# BRIEF
With images removed, return the whole listing exactly as written.
= = = = = = =
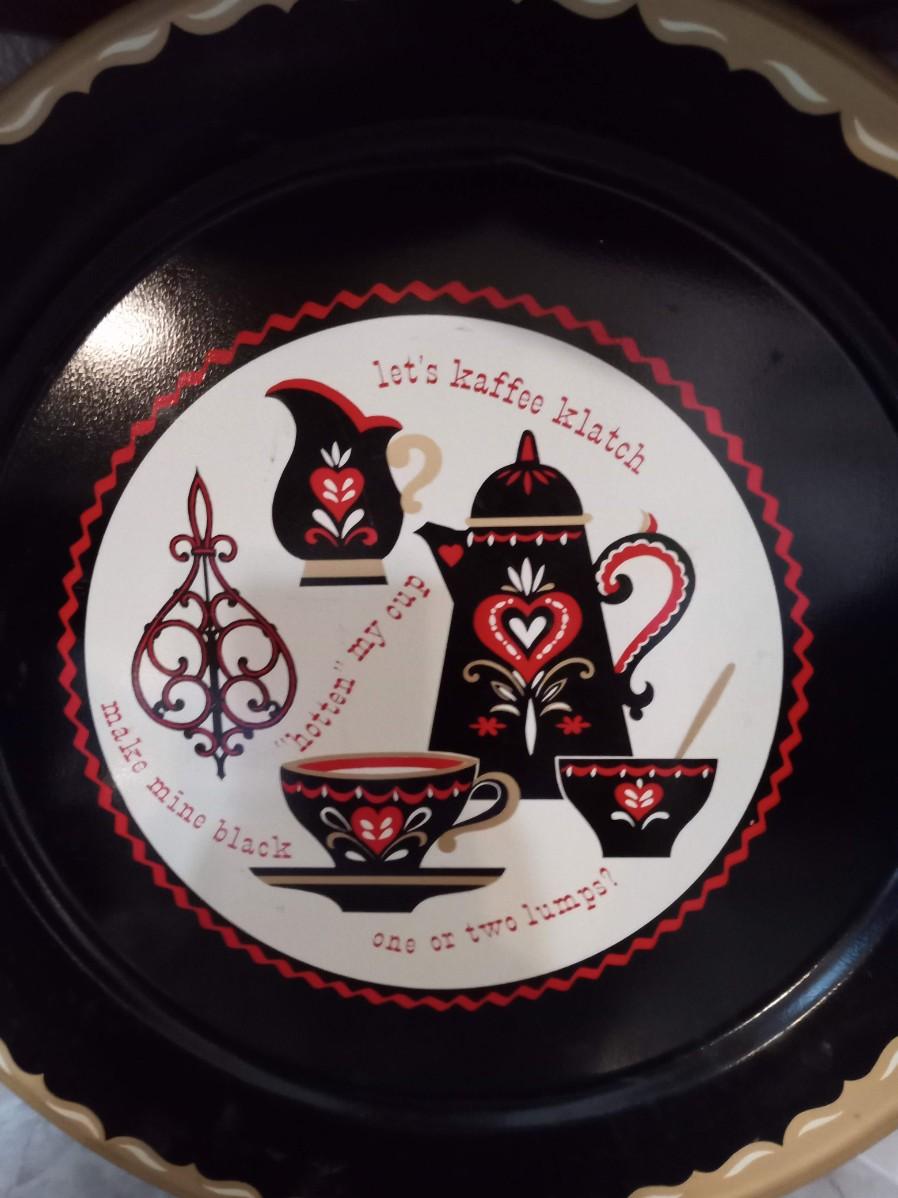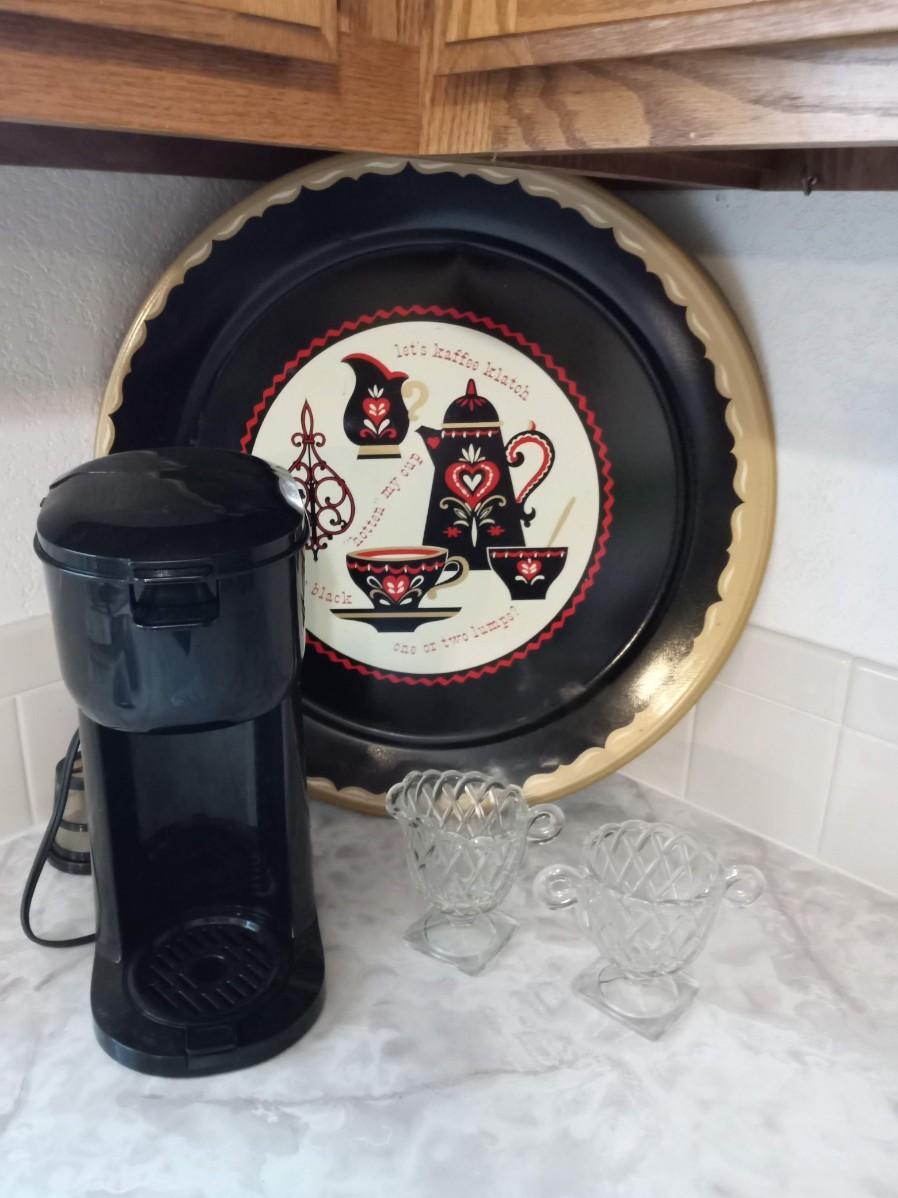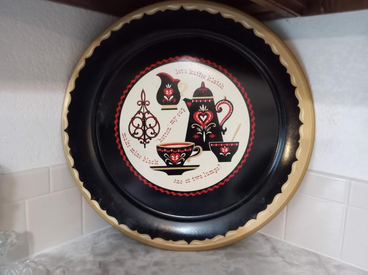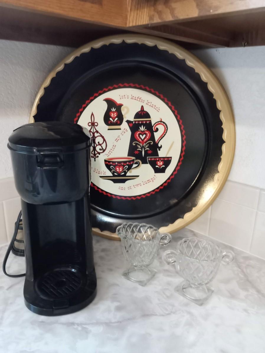 LOT 397  LARGE METAL PLATTER, SINGLE CUP COFFEE MAKER, CREAM AND SUGAR SET
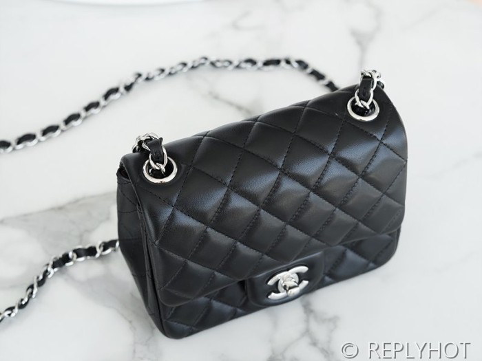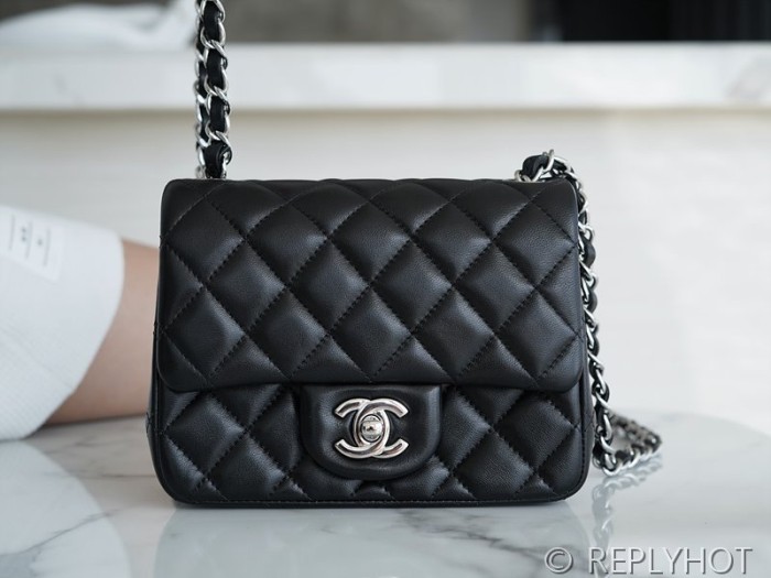 [하이엔드급] 샤넬 쁘띠삭 미니 플랩백 램스킨 실버메탈 블랙 [매장가 673만원대] > CHANEL
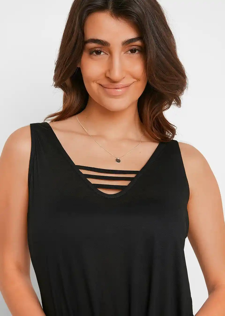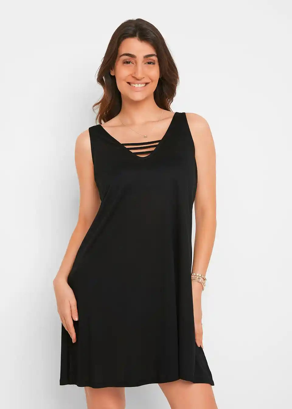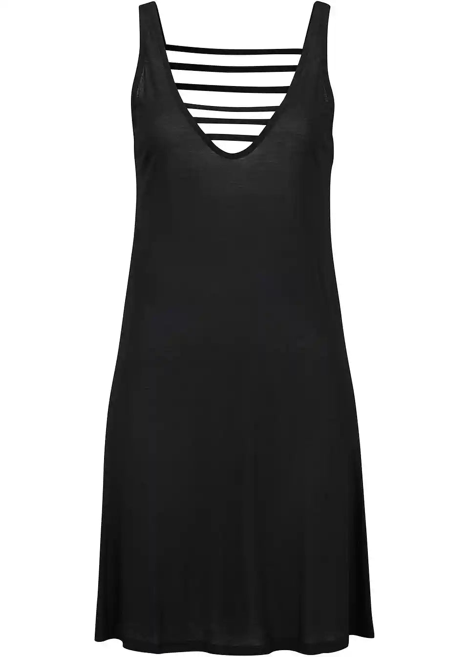 Obleka za plažo brez rokavov z V-izrezom spredaj in zadaj.
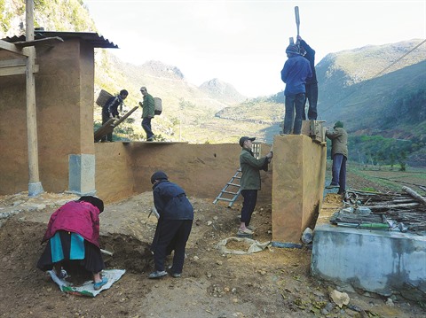 Après avoir choisi l’emplacement idéal pour la construction de la maison, les H’mông utilisent un moule en bois dans lequel ils pressent de l’argile pour en faire des blocs. À partir de ces blocs sont construits les solides murs de l’habitation. Des maisons de deux étages sont également construites, avec des fondations à base de blocs de pierres. La particularité de ces maisons est qu’elles restent chaudes en hiver et fraîches en été.
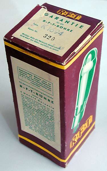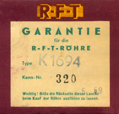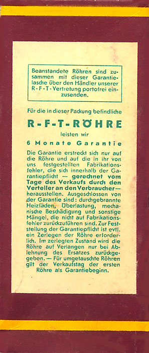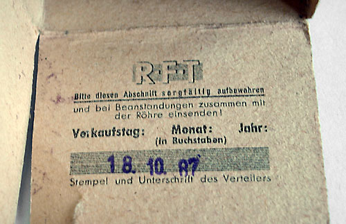 Auf dem Karton ist eine Kontrollnummer für die Garantie (320) aufgedruckt. Diese Nummer wiederholte sich auf der Röhre. Auf der Rückseite der Lasche wurde das Kaufdatum vermerkt. So war immer sichergestellt, dass nur die originale Röhre im Garantiefall zurückgegeben wurde. Diese Röhre wurde 1959 gefertigt und 1987 verkauft. | ![]() |
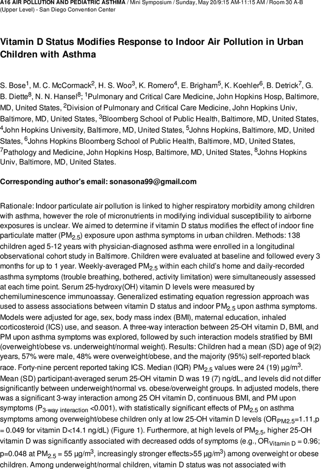 Vitamin D Status Modifies Response to Indoor Air Pollution in Urban Children with Asthma
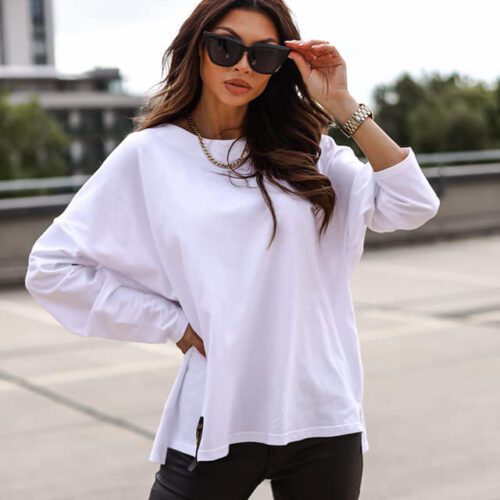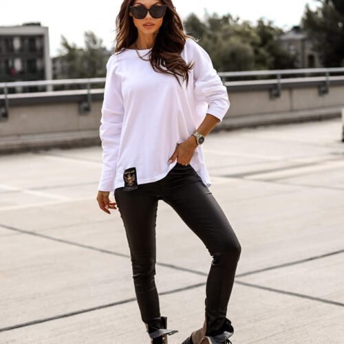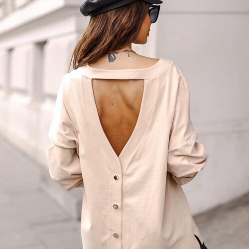 BLUZKA LONGSLEEVE Z ODKRYTYMI PLECAMI. WYKONANA Z NATURALNEJ BAWEŁNY. W PRZODZIE OZDOBNA NASZYWKA. NA PLECACH EFEKTOWNY DEKOLT ORAZ NAPY. STYL MINIMALISTYCZNY. KRÓJ OVERSIZOWY.
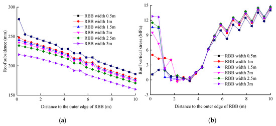 Roof subsidence and vertical stress with respect to RBB width. (a) Roof subsidence; (b) Roof vertical stress.
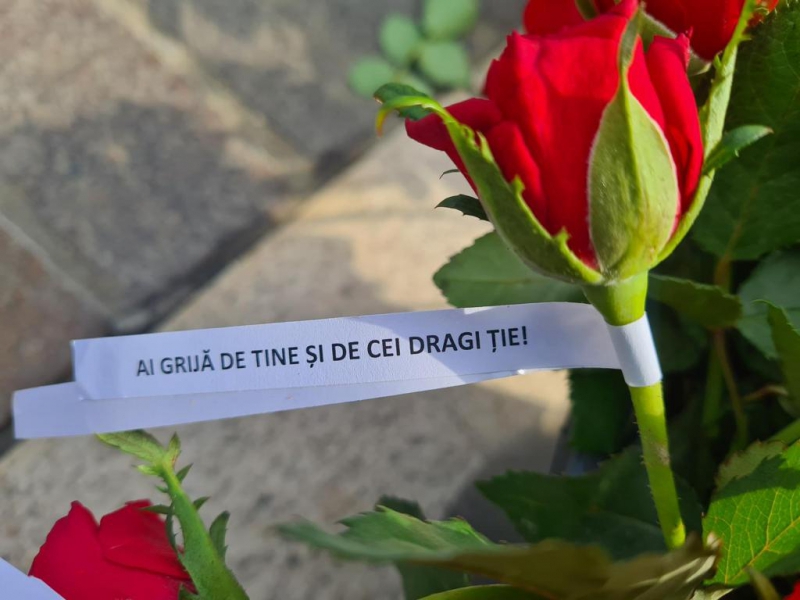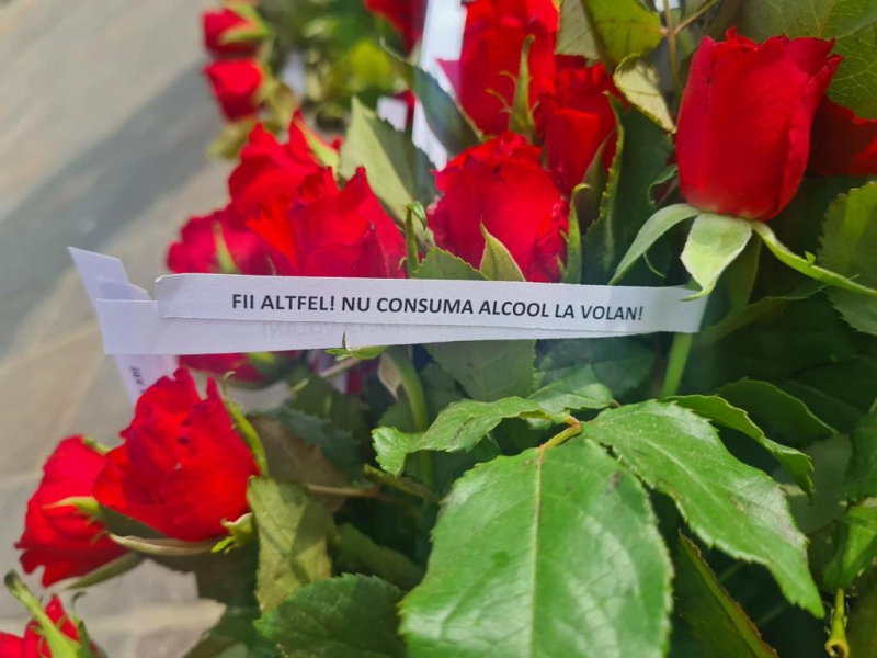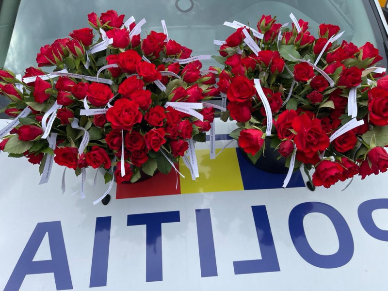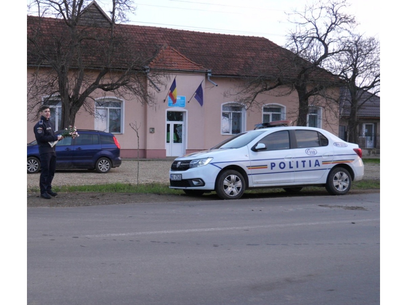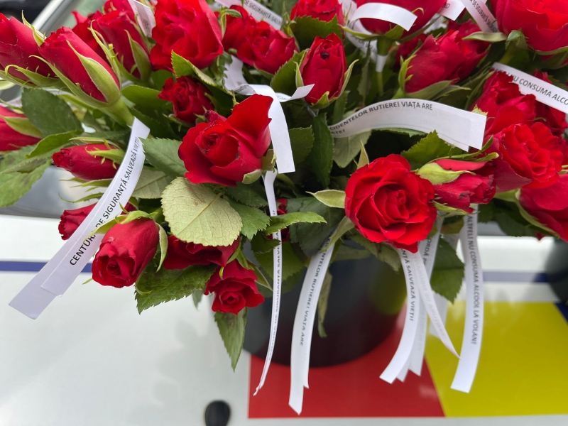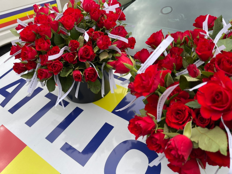 Florile oferite în dar de polițiștii bihoreni au avut atașate mesaje preventive scurte, dar de impact (anexăm foto).
= = = = = = =
# EXERCISE RESULT
 LOT 397  LARGE METAL PLATTER, SINGLE CUP COFFEE MAKER, CREAM AND SUGAR SET
 [하이엔드급] 샤넬 쁘띠삭 미니 플랩백 램스킨 실버메탈 블랙 [매장가 673만원대] > CHANEL
 Obleka za plažo brez rokavov z V-izrezom spredaj in zadaj.
 Après avoir choisi l’emplacement idéal pour la construction de la maison, les H’mông utilisent un moule en bois dans lequel ils pressent de l’argile pour en faire des blocs. À partir de ces blocs sont construits les solides murs de l’habitation. Des maisons de deux étages sont également construites, avec des fondations à base de blocs de pierres. La particularité de ces maisons est qu’elles restent chaudes en hiver et fraîches en été.
 Auf dem Karton ist eine Kontrollnummer für die Garantie (320) aufgedruckt. Diese Nummer wiederholte sich auf der Röhre. Auf der Rückseite der Lasche wurde das Kaufdatum vermerkt. So war immer sichergestellt, dass nur die originale Röhre im Garantiefall zurückgegeben wurde. Diese Röhre wurde 1959 gefertigt und 1987 verkauft. | ![]() |
 Vitamin D Status Modifies Response to Indoor Air Pollution in Urban Children with Asthma
 BLUZKA LONGSLEEVE Z ODKRYTYMI PLECAMI. WYKONANA Z NATURALNEJ BAWEŁNY. W PRZODZIE OZDOBNA NASZYWKA. NA PLECACH EFEKTOWNY DEKOLT ORAZ NAPY. STYL MINIMALISTYCZNY. KRÓJ OVERSIZOWY.
 Roof subsidence and vertical stress with respect to RBB width. (a) Roof subsidence; (b) Roof vertical stress.
 Florile oferite în dar de polițiștii bihoreni au avut atașate mesaje preventive scurte, dar de impact (anexăm foto).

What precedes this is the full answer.